■ EXERCISE DATA:
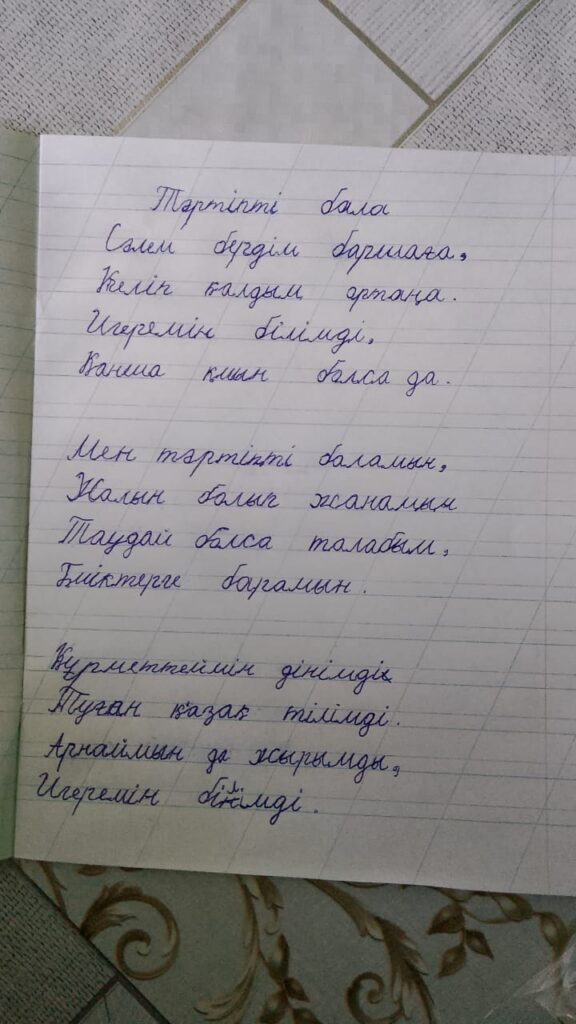 Караматова Аниса Ибраимовна. Көркем жазу Сынып жетекшісі: Привалиева Айнур Кыдыровна FacebookTwitterPinterestWhatsApp Басқа қатысушылар МАД тобы мен 1-сынып оқушылары арасында Республикалық «көркем жазу» байқауы Аманкелді Жәннат Айдосқызы. Көркем жазу 0 МАД тобы мен 1-сынып оқушылары арасында Республикалық «көркем жазу» байқауы Кулиева Севара Ихтиёровна. Көркем жазу 0 МАД тобы мен 1-сынып оқушылары арасында Республикалық «көркем жазу» байқауы Алпысбай Еркем Мухтарқызы. Көркем жазу 0 МАД тобы мен 1-сынып оқушылары арасында Республикалық «көркем жазу» байқауы Бомуратова Норхол Бековна. Көркем жазу 0 МАД тобы мен 1-сынып оқушылары арасында Республикалық «көркем жазу» байқауы Хабибова Сафия Дильмурадовна. Көркем жазу 0
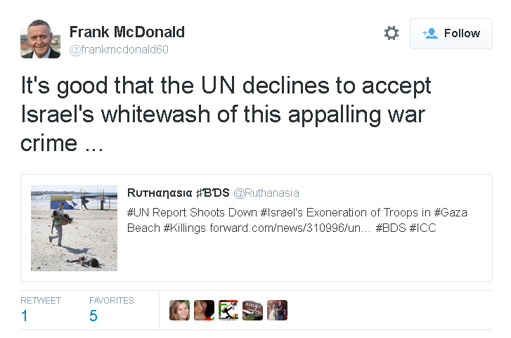 on the Times of Israel site about McDonald, 12 Jan 2014.
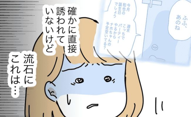 何も解決しないまま、義母宅で夫の誕生日パーティーが開かれる日に。部屋に入ると、机にお寿司が並べられていましたが、広子さんの分だけがありません。

■ THE TASK:
Return the whole listing word for word, minus its pictures.

■ SOLVED EXERCISE:
 Караматова Аниса Ибраимовна. Көркем жазу Сынып жетекшісі: Привалиева Айнур Кыдыровна FacebookTwitterPinterestWhatsApp Басқа қатысушылар МАД тобы мен 1-сынып оқушылары арасында Республикалық «көркем жазу» байқауы Аманкелді Жәннат Айдосқызы. Көркем жазу 0 МАД тобы мен 1-сынып оқушылары арасында Республикалық «көркем жазу» байқауы Кулиева Севара Ихтиёровна. Көркем жазу 0 МАД тобы мен 1-сынып оқушылары арасында Республикалық «көркем жазу» байқауы Алпысбай Еркем Мухтарқызы. Көркем жазу 0 МАД тобы мен 1-сынып оқушылары арасында Республикалық «көркем жазу» байқауы Бомуратова Норхол Бековна. Көркем жазу 0 МАД тобы мен 1-сынып оқушылары арасында Республикалық «көркем жазу» байқауы Хабибова Сафия Дильмурадовна. Көркем жазу 0
 on the Times of Israel site about McDonald, 12 Jan 2014.
 何も解決しないまま、義母宅で夫の誕生日パーティーが開かれる日に。部屋に入ると、机にお寿司が並べられていましたが、広子さんの分だけがありません。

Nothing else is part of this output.